Mais Martine Aubry ne réussit pas à affirmer son autorité autrement que par des coups de force. En pressant Manuel Valls de rentrer dans le rang ou de quitter le PS cet été, Martine Aubry a
déclenché un effet boomerang. Soutenu par ses principaux lieutenants ainsi que par Laurent Fabius qui s'est félicité d'un rappel au "besoin d'unité", l'acte d'autorité posé par Mme Aubry – destiné
à prendre à témoin les militants sur le thème de la nécessaire unité du parti socialiste – a suscité de nombreuses réactions en retour.

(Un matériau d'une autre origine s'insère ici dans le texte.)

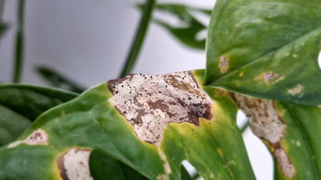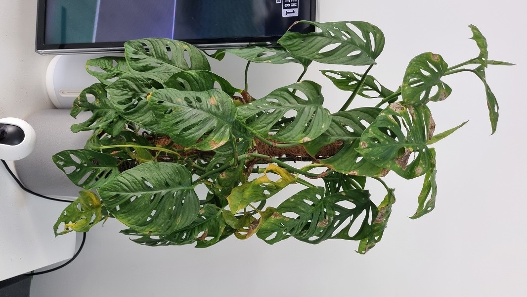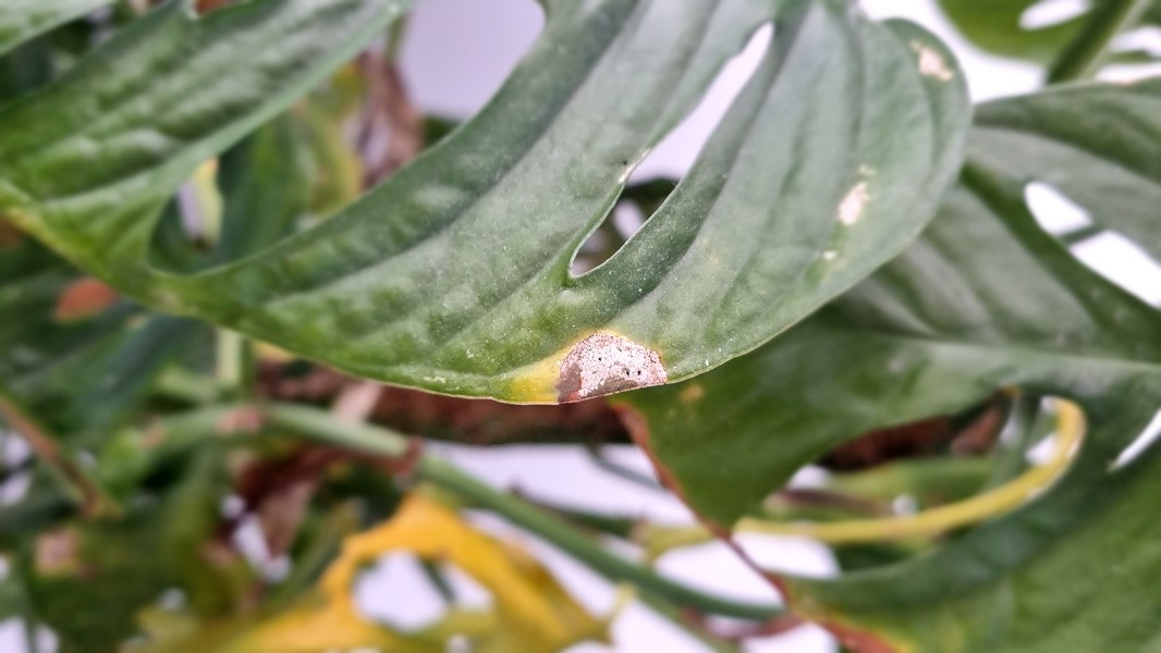 Jakieś dziadostwo atakuje mi kolejne monstery w domu 🙁 Mam 3 z tego gatunku i zaraza dopadła obecnie największą. Co ciekawe, to coś nie atakuje innych kwiatów, ani nawet innych monster tylko właśnie te jedne - monkey mask.

Manuel Valls a alors rendu publique une lettre adressée à la
première secrétaire dénonçant son"ultimatum"et sa "conception très datée du parti". Retour à l'envoyeur et conflit de génération à cœur ouvert.
Le livre "Hold uPS, arnaques et trahisons" est certes centré sur la querelle Aubry-Royal mais les entretiens menés par les auteurs nous en apprennent plus
sur les microfissures du PS, et c'est bien là l'intérêt de l'ouvrage. Personne ne peut dire comment tournera l'affrontement entre Ségolène Royal et son ancien lieutenant …personne? Vous n'en avez
pas une petit idée? Né en 1971, le PS traîne son mal-être depuis 1995…certains pensent que l'acte de décès n'est pas très loin (Mélenchon a déjà fait ses valises, notamment). Hélas, aucun homme
providentiel n'est là pour empêcher l'enterrement...et non, ce n'est pas le moment d'évoquer ici Benoît HAMON.